The motiviation for this text is to provide both a theoretical understanding of important multivariable methods used in data science as well as giving a hands-on experience using software. Throughout this text, we assume the reader has a solid foundation in univariate calculus (typically two semesters) as well as familiarity with a scripting language (e.g., R or python).

1.1 Getting started in R

TBD

1.2 Some videos that explain useful concepts of linear algebra

1.3 Notation

For notation, we let lowercase Roman letters represent scalar numbers (e.g., n = 5, d = 7), lowercase bold letters represent vectors

\[ \begin{aligned} \textbf{x} = \begin{pmatrix} x_1 \\ x_2 \\ \vdots \\ x_n \end{pmatrix}, \end{aligned} \]

where the elements \(x_1, \ldots, x_n\) are scalars written in lowercase Roman. Note that vectors are assumed to follow a vertical notation where the elements of the vector (the \(x_i\)s are stacked on top of one another) and the order matters. For example, the vector

\[ \begin{aligned} \mathbf{x} & = \begin{pmatrix} 5 \\ 2 \\ 8 \end{pmatrix} \end{aligned} \]
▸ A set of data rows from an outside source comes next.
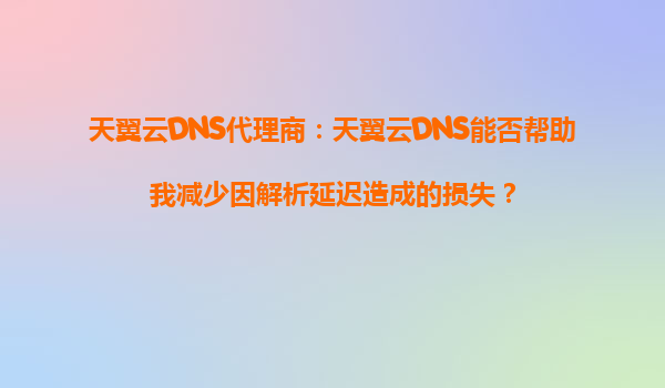 天翼云DNS代理商:天翼云DNS能否帮助我减少因解析延迟造成的损失?
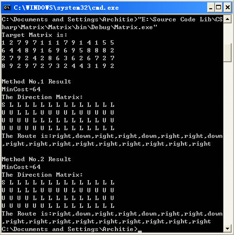 MinCost=" + Step(direction, matrix, MATRIX_X, MATRIX_Y, MATRIX_X - 1, MATRIX_Y - 1));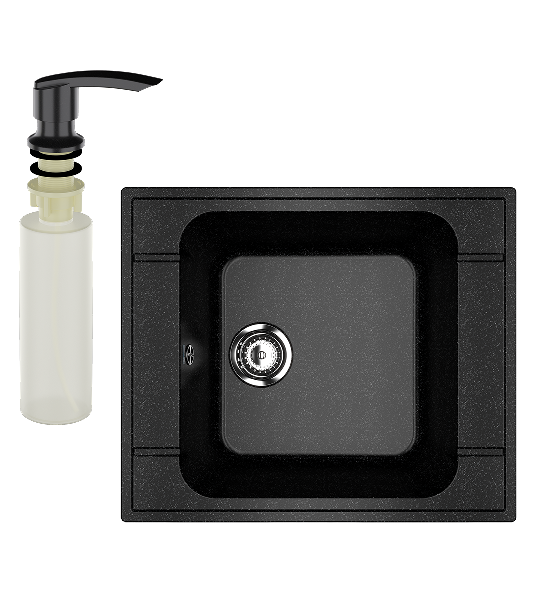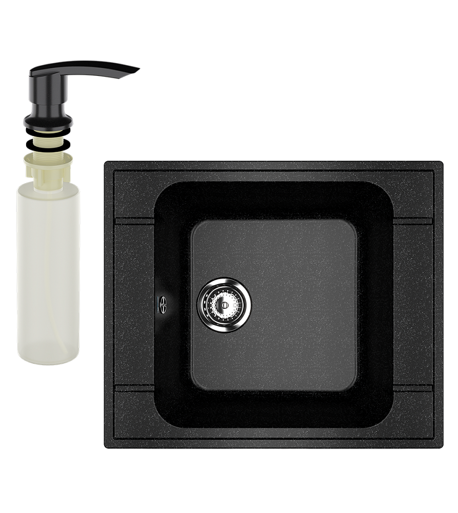 Мойка кухонная Ulgran U-604 308 черная + дозатор U-02 ультра-черный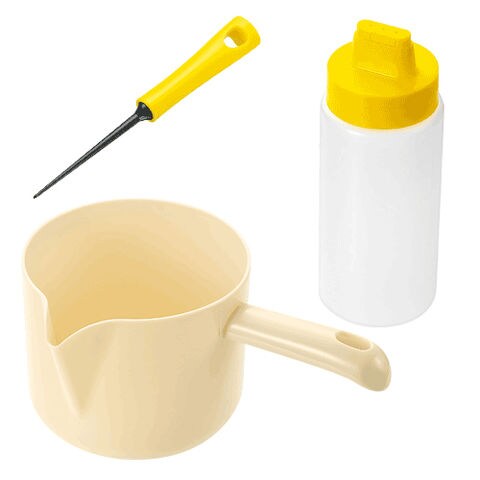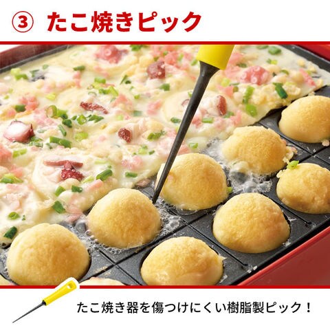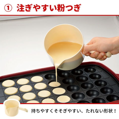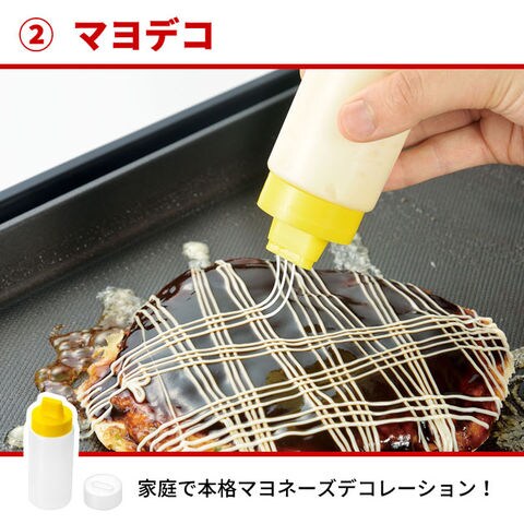 | 材 質 | 粉つぎ:本体/ポリプロピレン(耐熱温度:110℃) マヨデコ:本体/ポリエチレン(耐熱温度:60℃)、キャップ・カバー:ポリプロピレン(耐熱温度:110℃) たこ焼きピック:本体/ナイロン(ガラス繊維入り)(耐熱温度:230℃)、ハンドル/ポリプロピレン(耐熱温度:110℃) |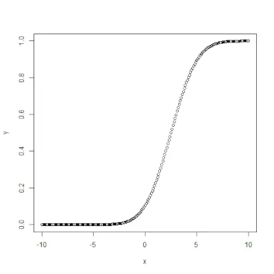 # creating a sequence of values> # between -10 to 10 with a difference of 0.1> x <>-> seq(>->10>,>10>, by>=>0.1>)> > y <>-> pnorm(x, mean>=> 2.5>, sd>=> 2>)> > # output to be present as PNG file> png(>file>=>'pnormExample.webp'>)> > # Plot the graph.> plot(x, y)> > # saving the file> dev.off()> |
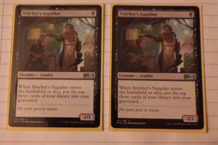 Stitcher's Supplier är ett svart varelsekort av typen Zombie. När Stitcher's Supplier kommer in på slagfältet eller dör, lägger du de översta tre korten från ditt bibliotek i din kyrkogård. Kortet är från upplagan M19.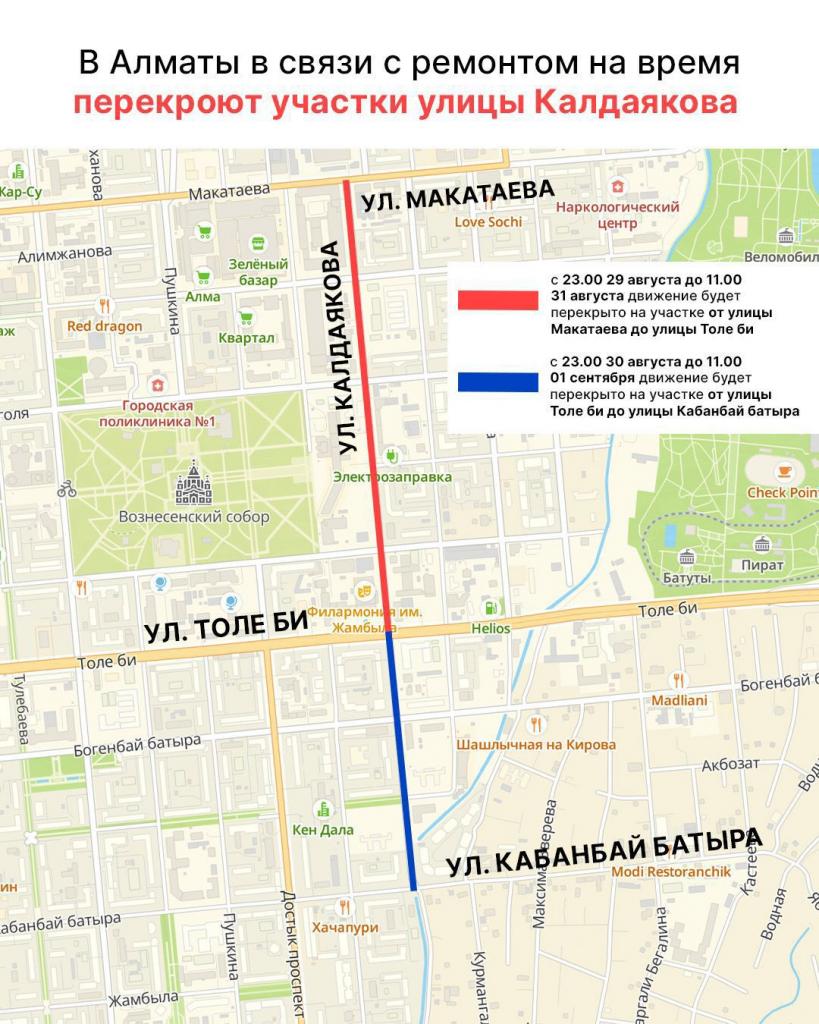 Так, с 23.00 29 августа до 11.00 31 августа движение будет перекрыто на участке от улицы Макатаева до улицы Толе би.

has the first element \(x_1 = 5\), second element \(x_2 = 2\) and third element \(x_3 = 8\). Note that the vector \(\begin{pmatrix} 5 \\ 2 \\ 8 \end{pmatrix}\) is not the same as the vector \(\begin{pmatrix} 8 \\ 2 \\ 5 \end{pmatrix}\) because the order of the elements matters.
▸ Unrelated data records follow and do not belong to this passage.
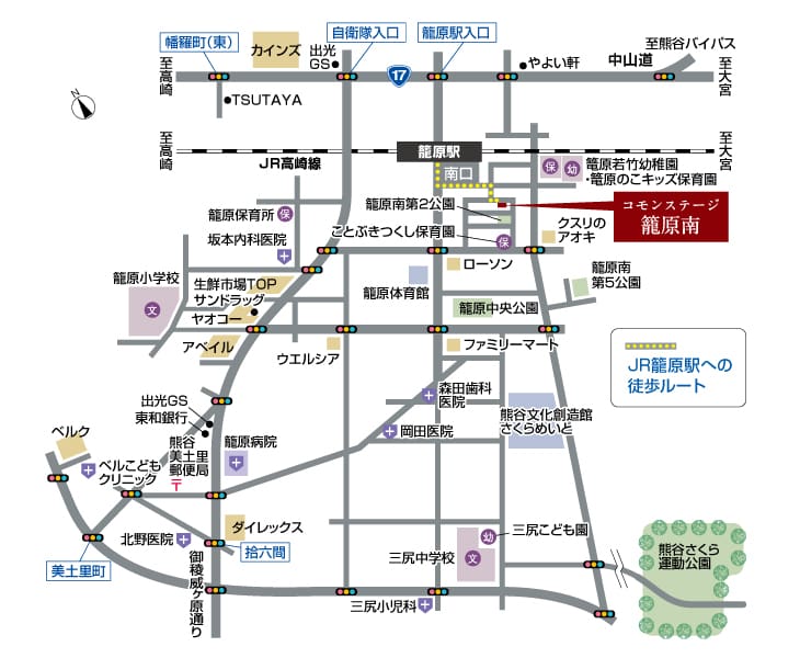 幹線道路の17号線や関越道「花園IC」へのアクセスが良く車での移動もスムーズです。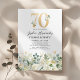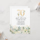 Sätt tonen för en minnesvärd milstolpsfirande med våra 70-årsfirande-inbjudningar. Med rustik grön lövverk, eleganta vita akvarellblommor och guldaccent. Kombinerat med en chic textmall för sjuttioårsfirande som du kan anpassa, är dessa inbjudningar en perfekt blandning av elegans och charm. Gör dig redo för den ultimata 70-årsfesten!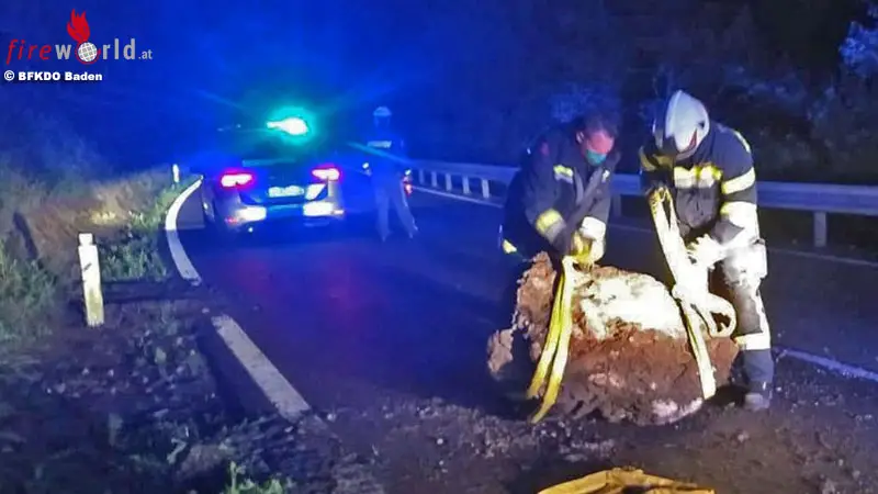 Gegen 23.15 Uhr wurde die Feuerwehr über die Feuerwehr-Bezirksalarmzentrale Baden von der Polizei und Straßenmeisterei zur Unterstützung angefordert. Die alarmierte FF Heiligenkreuz konnten den schweren Felsbrocken mit einem Ladekran von der Fahrbahn bergen. Zum Glück kam niemand zu Schaden. Auf diesem Straßenabschnitt wird auf die Steinschlag Gefahr hingewiesen.
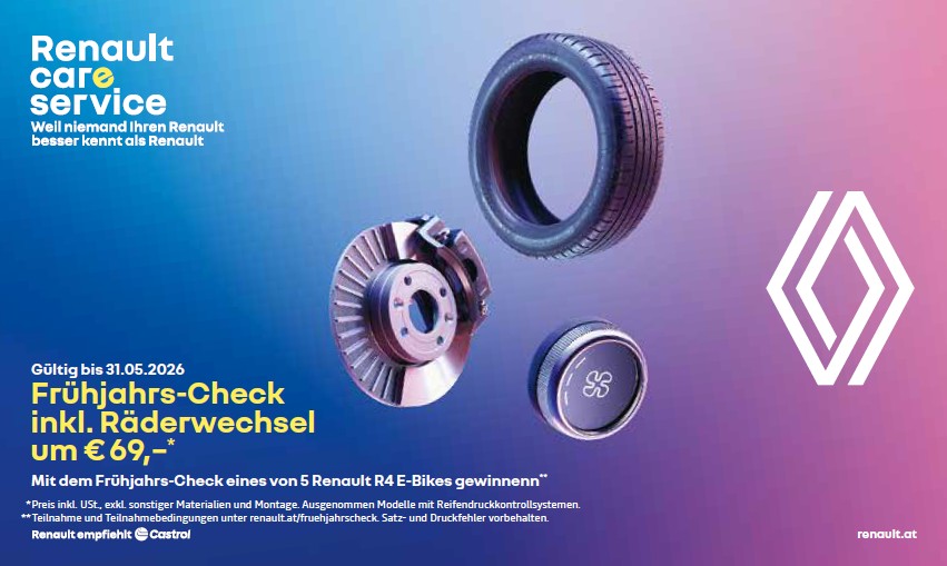 * Preis inkl. USt., exkl. sonstiger Materialien und Montage. Ausgenommen Modelle mit Reifendruckkontrollsystemen. ** Teilnahme und Teilnahmebedingungen unter renault.at/fruehjahrscheck. Satz- und Druckfehler vorbehalten. Impressum: Medieninhaber: Renault Österreich GmbH, Laaer-Berg-Straße 64, 1100 Wien, Hersteller: 08/16 Printproduktion GmbH, 1090 Wien.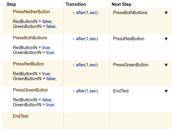 Эта тестовая последовательность устанавливает значение логических выходов RedButtonIn и GreenButtonInс переходами, происходящими после того, как каждый шаг был активен в течение 1 секунды.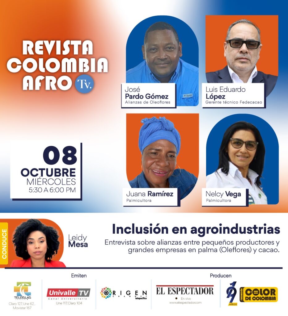Este miércoles 08 de octubre, de 5:30 pm a 6:00 pm, en el portal web y redes sociales (YouTube y FaceBook) de El Espectador, entrevista con José Pardo, gerente de Alianzas Estratégicas del Grupo Empresarial Oleoflores; Luis Eduardo López, gerente técnico de Federación Nacional de Cacaoteros, Fedecacao, y las pequeñas palmicultoras Nelcy Vega (Becerril, Cesar) y Juana Ramírez (María La Baja, Bolívar), conducida por Leidy Mesa Medina, sobre inclusión de pequeños productores agrícolas en cadenas de valor agroindustriales.

We can also write the vector as

\[ \begin{aligned} \textbf{x} = \left( x_1, x_2, \ldots, x_n \right)', \end{aligned} \]

where the \('\) symbol represents the transpose function. For our example matrix, we have \(\begin{pmatrix} 5 \\ 2 \\ 8 \end{pmatrix}' = \begin{pmatrix} 5 & 2 & 8 \end{pmatrix}\) which is the original vector but arranged in a row rather than a column. Likewise, the transpose of a row vector \(\begin{pmatrix} 5 & 2 & 8 \end{pmatrix}' = \begin{pmatrix} 5 \\ 2 \\ 8 \end{pmatrix}\) is a column vector. If \(\mathbf{x}\) is a column vector, we say that \(\mathbf{x}'\) is a row vector and if \(\mathbf{x}\) is a row vector, the \(\mathbf{x}'\) is a column vector.
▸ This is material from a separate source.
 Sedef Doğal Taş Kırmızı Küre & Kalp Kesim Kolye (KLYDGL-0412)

To create a vector we can use the concatenate function c(). For example, the vector \(\mathbf{x} = \begin{pmatrix} 5 \\ 2 \\ 8 \end{pmatrix}\) can be created as the R object using

x <- c(5, 2, 8)

where the <- assigns the values in the vector c(5, 2, 8) to the object named x. To print the values of x, we can use

x
[1] 5 2 8

which prints the elements of x. Notice that R prints the elements of \(\mathbf{x}\) in a row; however, \(\mathbf{x}\) is a column vector. This inconsistency is present to allow the output to be printed in a manner easier to read (more numbers fit on a row). If we put the column vector into a data.frame, then the vector will be presented as a column vector

data.frame(x)
  x
1 5
2 2
3 8

One can use the index operator \([\ ]\) to select specific elements of the vector \(\mathbf{x}\). For example, the first element of \(\mathbf{x}\), \(x_1\), is

x[1]
[1] 5

and the third element of \(\mathbf{x}\), \(x_3\), is

x[3]
[1] 8

The transpose function t() turns a column vector into a row vector (or a row vector into a column vector). For example the transpose \(\mathbf{x}'\) of \(\mathbf{x}\) is

tx <- t(x)
tx
     [,1] [,2] [,3]
[1,]    5    2    8

where tx is R object storing the transpose of \(\mathbf{x}\) and is a row vector. The transpose of tx. Notice the indices on the output of the row vector tx. The index operator [1, ] selects the first row to tx and the index operator [, 1] gives the first column tx. Taking the transpose again gives us back the original column vector

t(tx)
     [,1]
[1,]    5
[2,]    2
[3,]    8

1.3.1 Matrices

We let uppercase bold letters \(\mathbf{A}\), \(\mathbf{B}\), etc., represent matrices. We define the matrix \(\mathbf{A}\) with \(m\) rows and \(n\) columns as

\[ \begin{aligned} \mathbf{A} & = \begin{pmatrix} a_{11} & a_{12} & \cdots & a_{1n} \\ a_{21} & a_{22} & \cdots & a_{2n} \\ \vdots & \vdots & \ddots & \vdots \\ a_{m1} & a_{m2} & \cdots & a_{mn} \end{pmatrix}, \end{aligned} \]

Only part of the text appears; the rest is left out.